Skip pictures in the listing below; copy exactly the lines from the one with "Save $1,549 on" through the one with "Cesto De Roupa", inclusive.

#### [Exercise input]
┌──

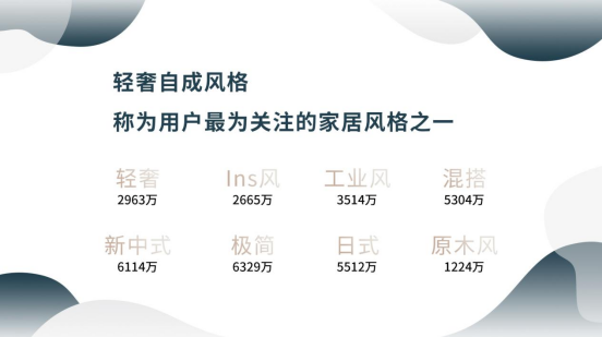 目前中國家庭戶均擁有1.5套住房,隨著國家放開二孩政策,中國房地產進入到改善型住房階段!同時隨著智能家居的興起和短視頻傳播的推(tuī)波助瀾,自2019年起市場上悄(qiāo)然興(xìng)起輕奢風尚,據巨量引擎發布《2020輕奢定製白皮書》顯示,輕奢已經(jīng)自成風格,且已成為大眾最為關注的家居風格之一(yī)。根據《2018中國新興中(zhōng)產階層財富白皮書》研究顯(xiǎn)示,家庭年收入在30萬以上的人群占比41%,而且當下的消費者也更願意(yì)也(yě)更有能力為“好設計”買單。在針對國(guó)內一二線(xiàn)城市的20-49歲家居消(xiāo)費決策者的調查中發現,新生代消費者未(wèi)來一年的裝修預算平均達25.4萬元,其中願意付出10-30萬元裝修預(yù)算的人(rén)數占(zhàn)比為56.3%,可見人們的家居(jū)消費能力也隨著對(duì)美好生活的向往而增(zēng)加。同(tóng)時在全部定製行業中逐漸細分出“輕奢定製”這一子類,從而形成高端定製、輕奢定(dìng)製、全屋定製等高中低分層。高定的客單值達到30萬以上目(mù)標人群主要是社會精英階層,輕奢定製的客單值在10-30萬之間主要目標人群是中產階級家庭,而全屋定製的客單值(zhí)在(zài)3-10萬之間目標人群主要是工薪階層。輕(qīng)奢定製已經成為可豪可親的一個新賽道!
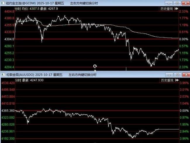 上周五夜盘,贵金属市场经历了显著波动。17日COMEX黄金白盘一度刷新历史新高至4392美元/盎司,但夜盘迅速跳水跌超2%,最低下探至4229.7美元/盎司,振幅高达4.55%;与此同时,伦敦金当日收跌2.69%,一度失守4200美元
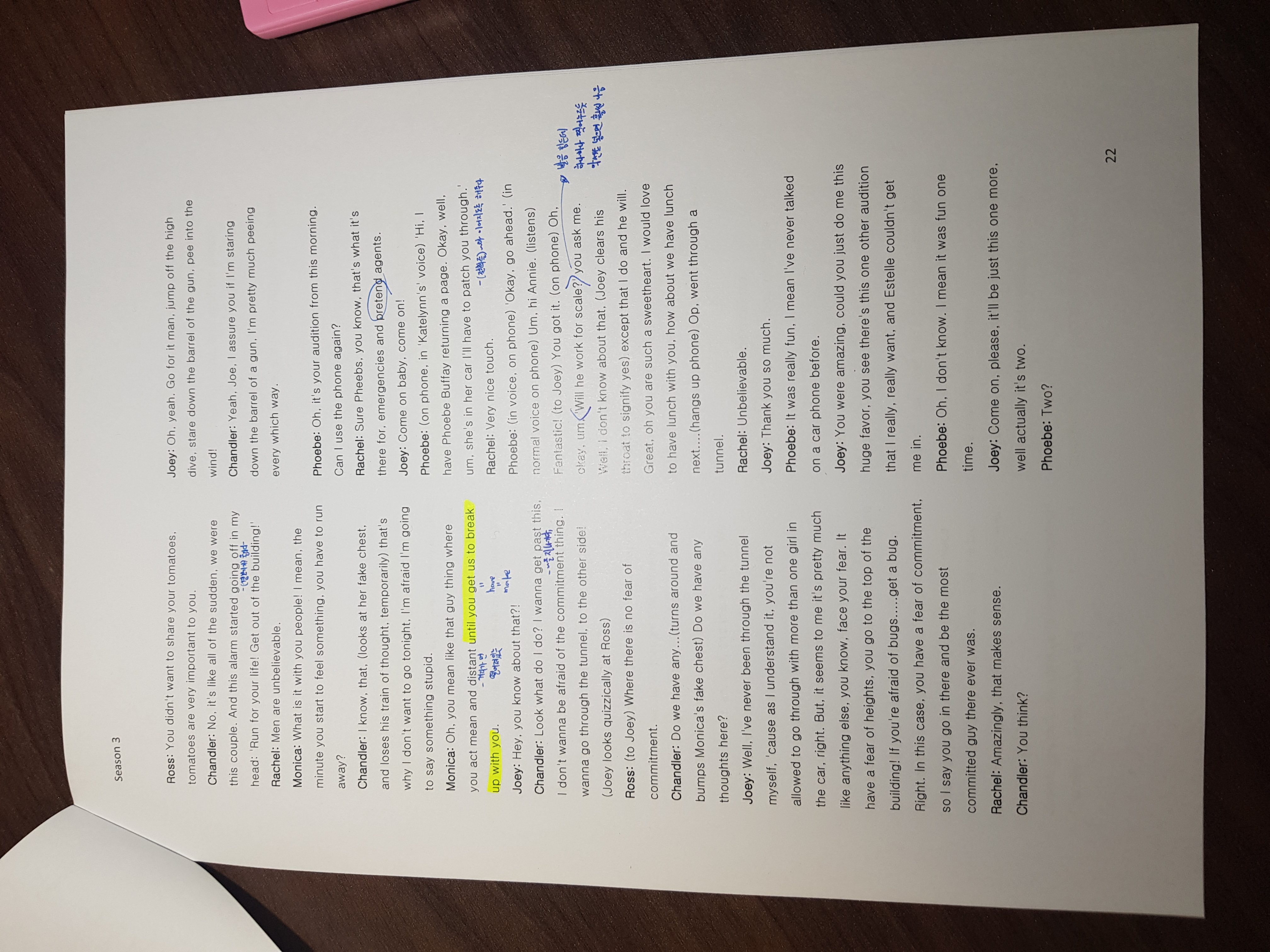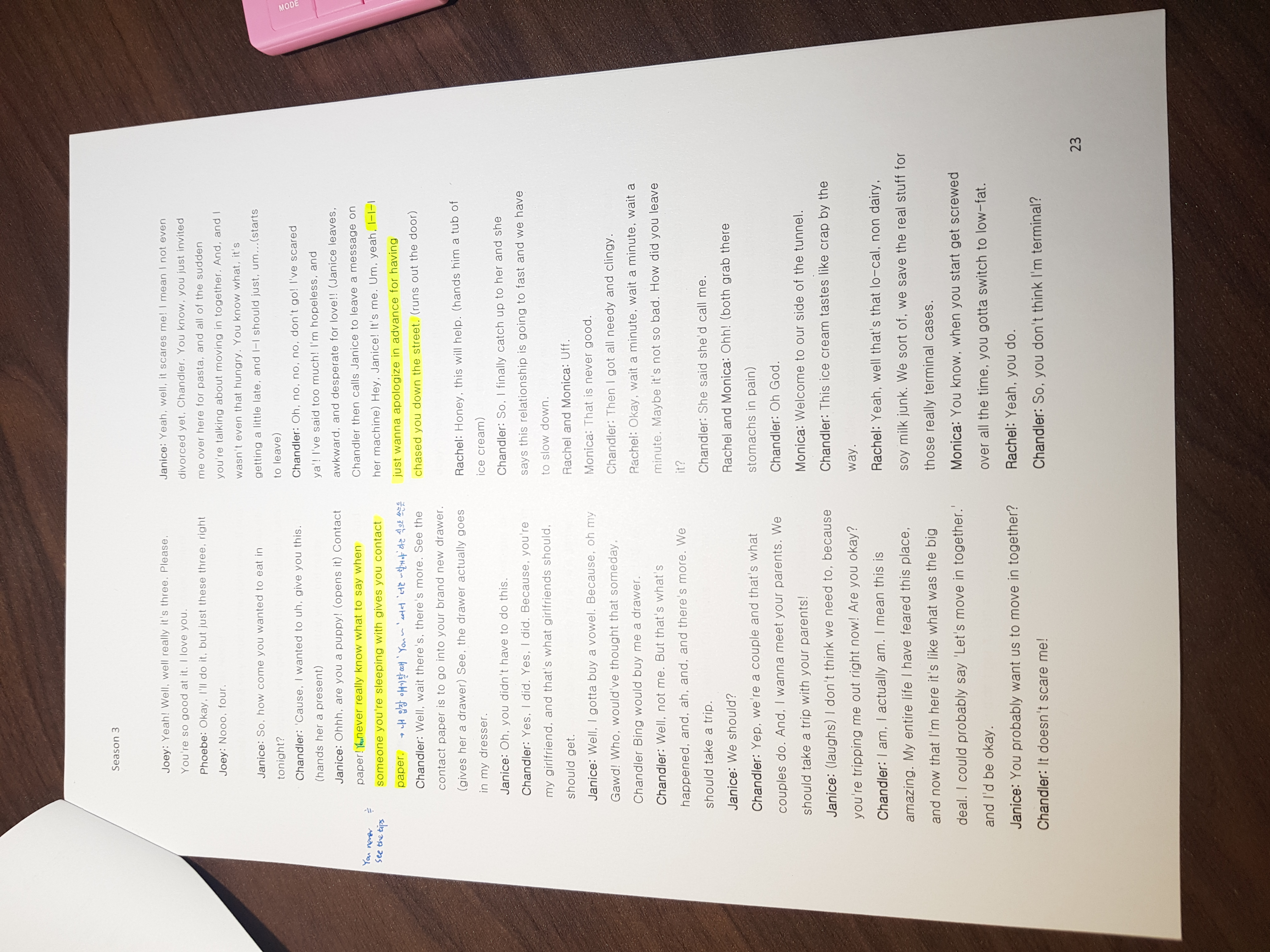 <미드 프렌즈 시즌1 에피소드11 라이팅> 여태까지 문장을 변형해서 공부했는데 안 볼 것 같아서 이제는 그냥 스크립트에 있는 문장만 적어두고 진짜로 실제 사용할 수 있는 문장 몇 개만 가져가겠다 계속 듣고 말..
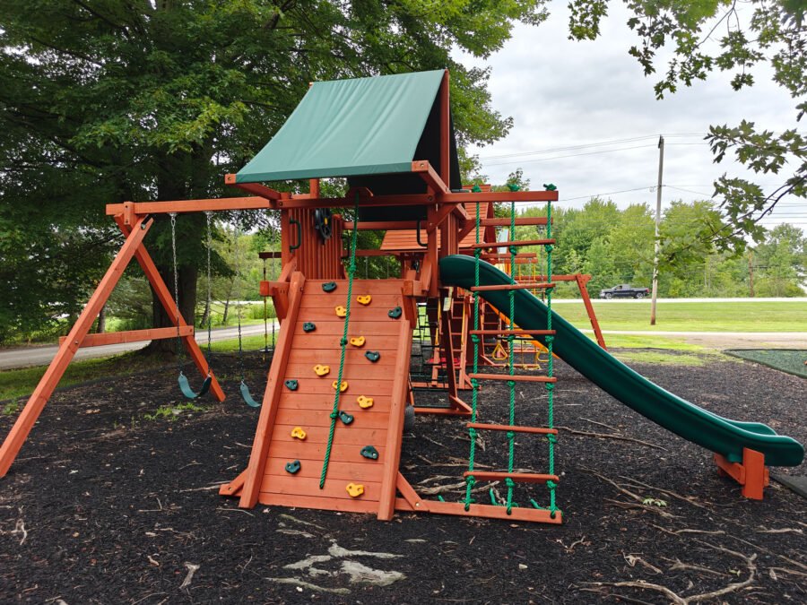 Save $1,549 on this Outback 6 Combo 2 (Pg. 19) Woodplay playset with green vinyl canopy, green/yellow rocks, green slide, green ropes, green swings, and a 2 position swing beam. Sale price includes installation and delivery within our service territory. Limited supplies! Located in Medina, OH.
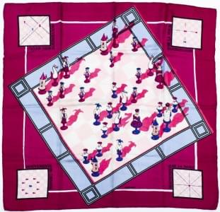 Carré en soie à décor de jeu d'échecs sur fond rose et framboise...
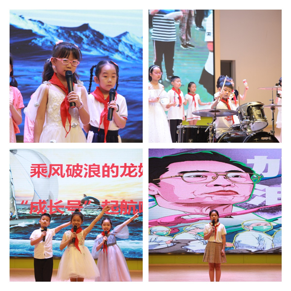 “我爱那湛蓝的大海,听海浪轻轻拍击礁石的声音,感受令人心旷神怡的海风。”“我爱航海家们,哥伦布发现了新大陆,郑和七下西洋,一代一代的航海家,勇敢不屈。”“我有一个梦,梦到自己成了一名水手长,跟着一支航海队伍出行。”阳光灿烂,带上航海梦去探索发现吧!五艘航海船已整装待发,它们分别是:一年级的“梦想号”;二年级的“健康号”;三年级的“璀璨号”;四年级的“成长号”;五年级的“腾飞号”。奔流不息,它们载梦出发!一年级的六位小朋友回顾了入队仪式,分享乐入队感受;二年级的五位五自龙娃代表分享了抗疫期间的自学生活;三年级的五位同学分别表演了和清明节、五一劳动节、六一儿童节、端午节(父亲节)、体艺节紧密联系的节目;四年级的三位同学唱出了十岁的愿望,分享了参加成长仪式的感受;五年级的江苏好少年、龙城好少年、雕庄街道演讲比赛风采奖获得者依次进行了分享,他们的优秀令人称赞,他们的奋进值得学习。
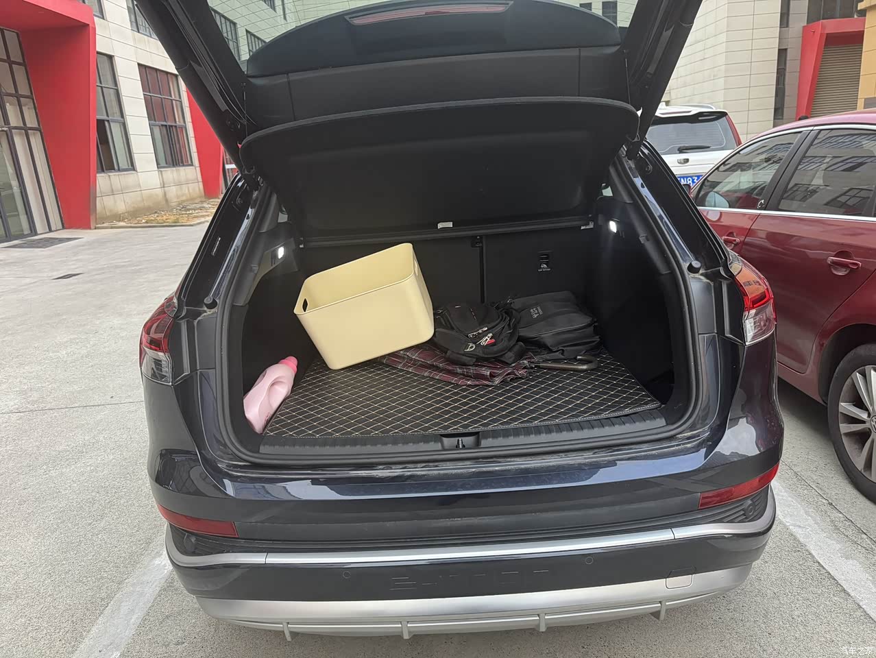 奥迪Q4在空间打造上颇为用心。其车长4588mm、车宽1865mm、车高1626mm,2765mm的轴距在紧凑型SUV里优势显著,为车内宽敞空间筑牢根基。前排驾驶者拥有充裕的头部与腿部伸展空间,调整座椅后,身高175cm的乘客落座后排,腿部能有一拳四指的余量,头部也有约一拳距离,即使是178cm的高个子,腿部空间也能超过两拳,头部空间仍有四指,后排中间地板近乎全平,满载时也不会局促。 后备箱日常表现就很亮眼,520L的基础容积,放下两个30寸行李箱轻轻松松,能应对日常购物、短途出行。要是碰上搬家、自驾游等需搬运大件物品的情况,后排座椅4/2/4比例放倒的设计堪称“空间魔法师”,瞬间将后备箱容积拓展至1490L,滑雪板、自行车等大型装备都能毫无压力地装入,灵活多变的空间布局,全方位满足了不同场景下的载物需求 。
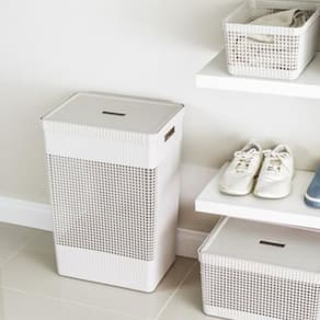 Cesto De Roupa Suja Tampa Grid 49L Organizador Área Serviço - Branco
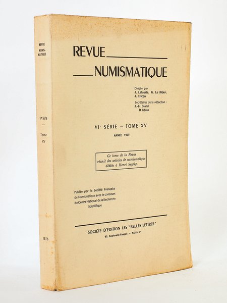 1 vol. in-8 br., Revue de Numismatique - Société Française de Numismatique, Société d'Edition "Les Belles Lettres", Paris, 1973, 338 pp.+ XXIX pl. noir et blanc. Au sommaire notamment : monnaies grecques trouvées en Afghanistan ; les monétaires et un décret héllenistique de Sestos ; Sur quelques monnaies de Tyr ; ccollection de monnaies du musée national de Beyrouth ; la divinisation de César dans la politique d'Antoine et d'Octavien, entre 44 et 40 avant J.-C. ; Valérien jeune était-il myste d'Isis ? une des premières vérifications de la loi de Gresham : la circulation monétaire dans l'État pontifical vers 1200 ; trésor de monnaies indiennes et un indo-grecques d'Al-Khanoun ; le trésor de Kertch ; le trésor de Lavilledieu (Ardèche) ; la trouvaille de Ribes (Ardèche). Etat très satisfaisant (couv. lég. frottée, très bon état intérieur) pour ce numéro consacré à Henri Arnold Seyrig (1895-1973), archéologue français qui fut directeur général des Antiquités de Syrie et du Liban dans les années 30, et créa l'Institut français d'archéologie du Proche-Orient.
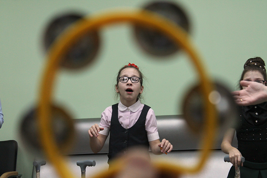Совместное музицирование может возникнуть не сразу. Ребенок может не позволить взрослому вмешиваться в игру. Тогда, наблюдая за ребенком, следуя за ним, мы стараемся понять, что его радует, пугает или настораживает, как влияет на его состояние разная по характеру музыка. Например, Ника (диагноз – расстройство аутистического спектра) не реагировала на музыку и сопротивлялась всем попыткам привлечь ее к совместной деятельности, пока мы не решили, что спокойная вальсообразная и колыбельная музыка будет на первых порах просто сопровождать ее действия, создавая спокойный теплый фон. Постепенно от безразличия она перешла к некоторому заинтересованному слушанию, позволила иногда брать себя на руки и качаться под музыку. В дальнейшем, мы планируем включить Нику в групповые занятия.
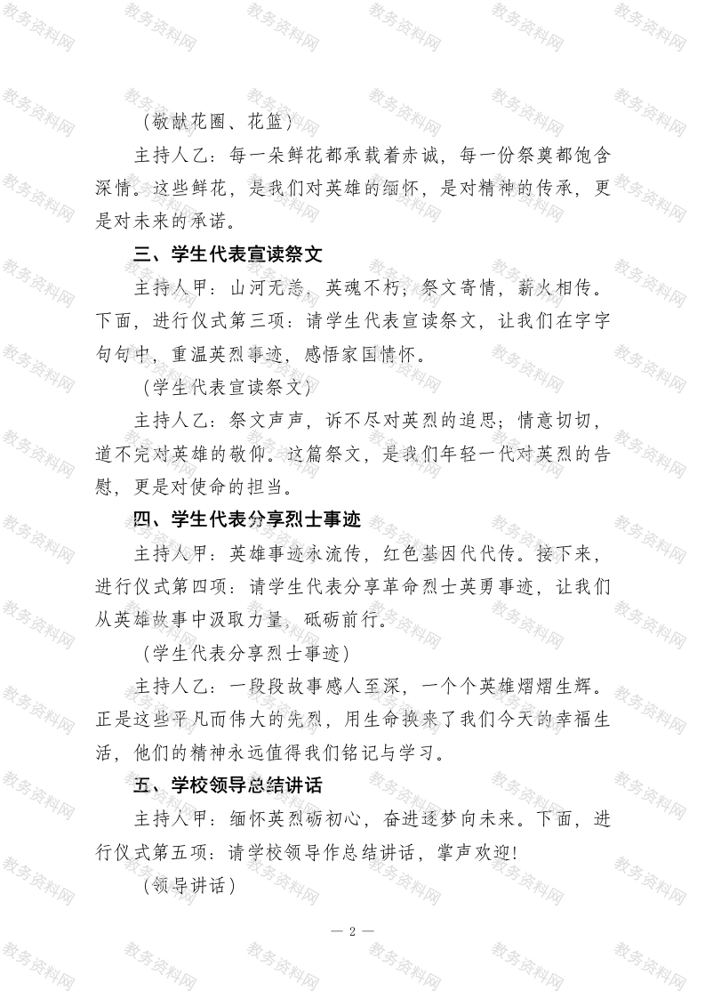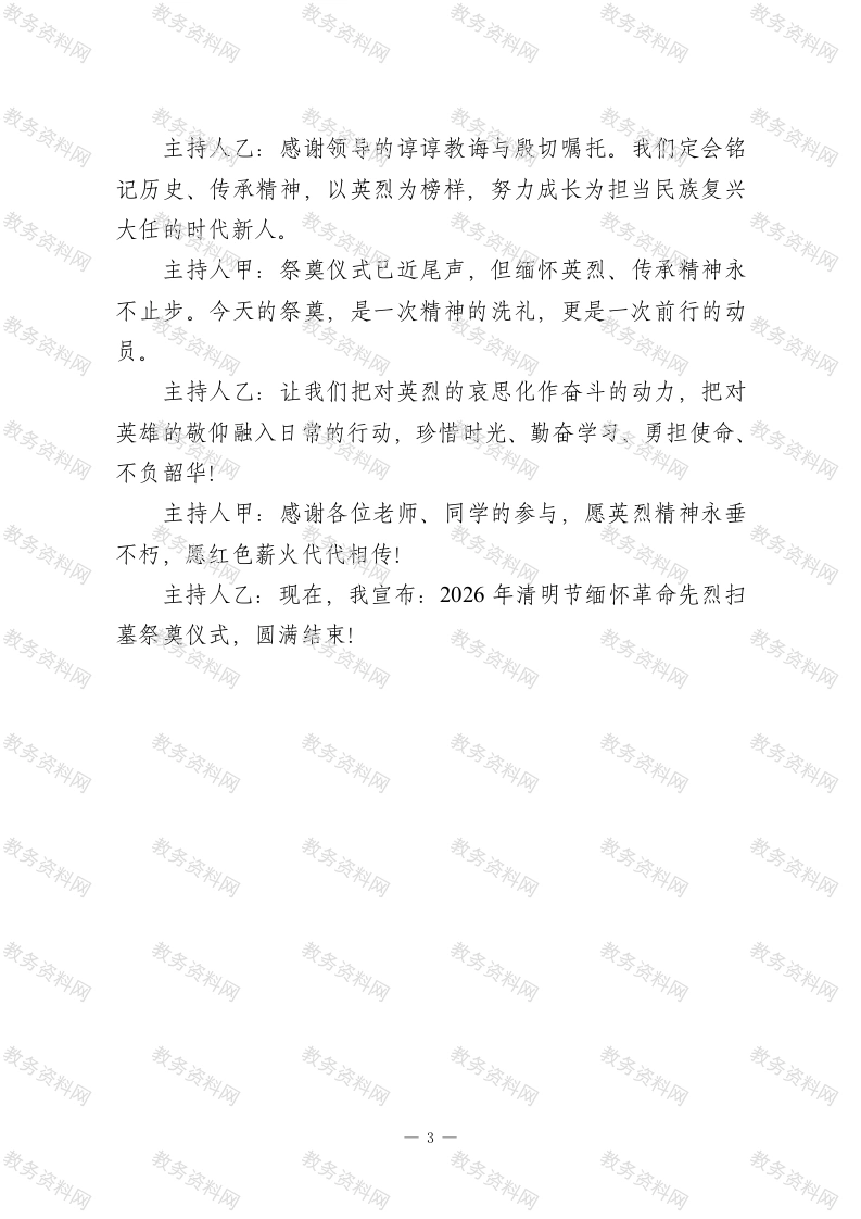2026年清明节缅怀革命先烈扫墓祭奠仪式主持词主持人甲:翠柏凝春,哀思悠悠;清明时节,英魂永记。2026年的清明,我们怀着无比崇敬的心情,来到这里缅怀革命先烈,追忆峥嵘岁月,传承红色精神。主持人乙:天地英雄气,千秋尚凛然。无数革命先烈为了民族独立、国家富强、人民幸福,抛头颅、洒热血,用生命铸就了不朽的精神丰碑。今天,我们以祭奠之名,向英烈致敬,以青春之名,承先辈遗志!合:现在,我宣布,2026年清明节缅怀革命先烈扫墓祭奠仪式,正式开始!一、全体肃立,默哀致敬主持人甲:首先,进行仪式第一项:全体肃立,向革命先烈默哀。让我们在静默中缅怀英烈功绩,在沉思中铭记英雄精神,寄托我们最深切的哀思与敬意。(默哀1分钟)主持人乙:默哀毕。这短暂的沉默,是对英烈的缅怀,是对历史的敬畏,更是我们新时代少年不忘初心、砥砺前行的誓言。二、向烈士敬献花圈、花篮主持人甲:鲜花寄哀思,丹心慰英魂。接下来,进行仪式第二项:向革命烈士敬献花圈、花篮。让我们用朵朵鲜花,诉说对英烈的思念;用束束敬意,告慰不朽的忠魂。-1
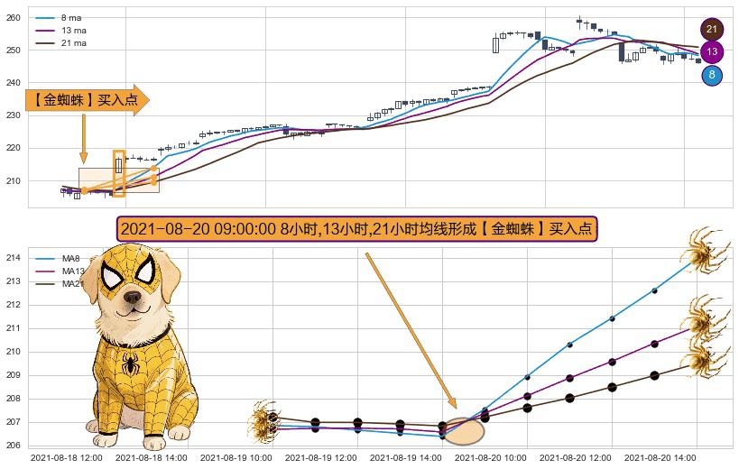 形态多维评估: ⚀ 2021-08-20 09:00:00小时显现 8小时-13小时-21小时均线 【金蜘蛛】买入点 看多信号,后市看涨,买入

└──

#### [Solved problem]
 Save $1,549 on this Outback 6 Combo 2 (Pg. 19) Woodplay playset with green vinyl canopy, green/yellow rocks, green slide, green ropes, green swings, and a 2 position swing beam. Sale price includes installation and delivery within our service territory. Limited supplies! Located in Medina, OH.
 Carré en soie à décor de jeu d'échecs sur fond rose et framboise...
 “我爱那湛蓝的大海,听海浪轻轻拍击礁石的声音,感受令人心旷神怡的海风。”“我爱航海家们,哥伦布发现了新大陆,郑和七下西洋,一代一代的航海家,勇敢不屈。”“我有一个梦,梦到自己成了一名水手长,跟着一支航海队伍出行。”阳光灿烂,带上航海梦去探索发现吧!五艘航海船已整装待发,它们分别是:一年级的“梦想号”;二年级的“健康号”;三年级的“璀璨号”;四年级的“成长号”;五年级的“腾飞号”。奔流不息,它们载梦出发!一年级的六位小朋友回顾了入队仪式,分享乐入队感受;二年级的五位五自龙娃代表分享了抗疫期间的自学生活;三年级的五位同学分别表演了和清明节、五一劳动节、六一儿童节、端午节(父亲节)、体艺节紧密联系的节目;四年级的三位同学唱出了十岁的愿望,分享了参加成长仪式的感受;五年级的江苏好少年、龙城好少年、雕庄街道演讲比赛风采奖获得者依次进行了分享,他们的优秀令人称赞,他们的奋进值得学习。
 奥迪Q4在空间打造上颇为用心。其车长4588mm、车宽1865mm、车高1626mm,2765mm的轴距在紧凑型SUV里优势显著,为车内宽敞空间筑牢根基。前排驾驶者拥有充裕的头部与腿部伸展空间,调整座椅后,身高175cm的乘客落座后排,腿部能有一拳四指的余量,头部也有约一拳距离,即使是178cm的高个子,腿部空间也能超过两拳,头部空间仍有四指,后排中间地板近乎全平,满载时也不会局促。 后备箱日常表现就很亮眼,520L的基础容积,放下两个30寸行李箱轻轻松松,能应对日常购物、短途出行。要是碰上搬家、自驾游等需搬运大件物品的情况,后排座椅4/2/4比例放倒的设计堪称“空间魔法师”,瞬间将后备箱容积拓展至1490L,滑雪板、自行车等大型装备都能毫无压力地装入,灵活多变的空间布局,全方位满足了不同场景下的载物需求 。
 Cesto De Roupa Suja Tampa Grid 49L Organizador Área Serviço - Branco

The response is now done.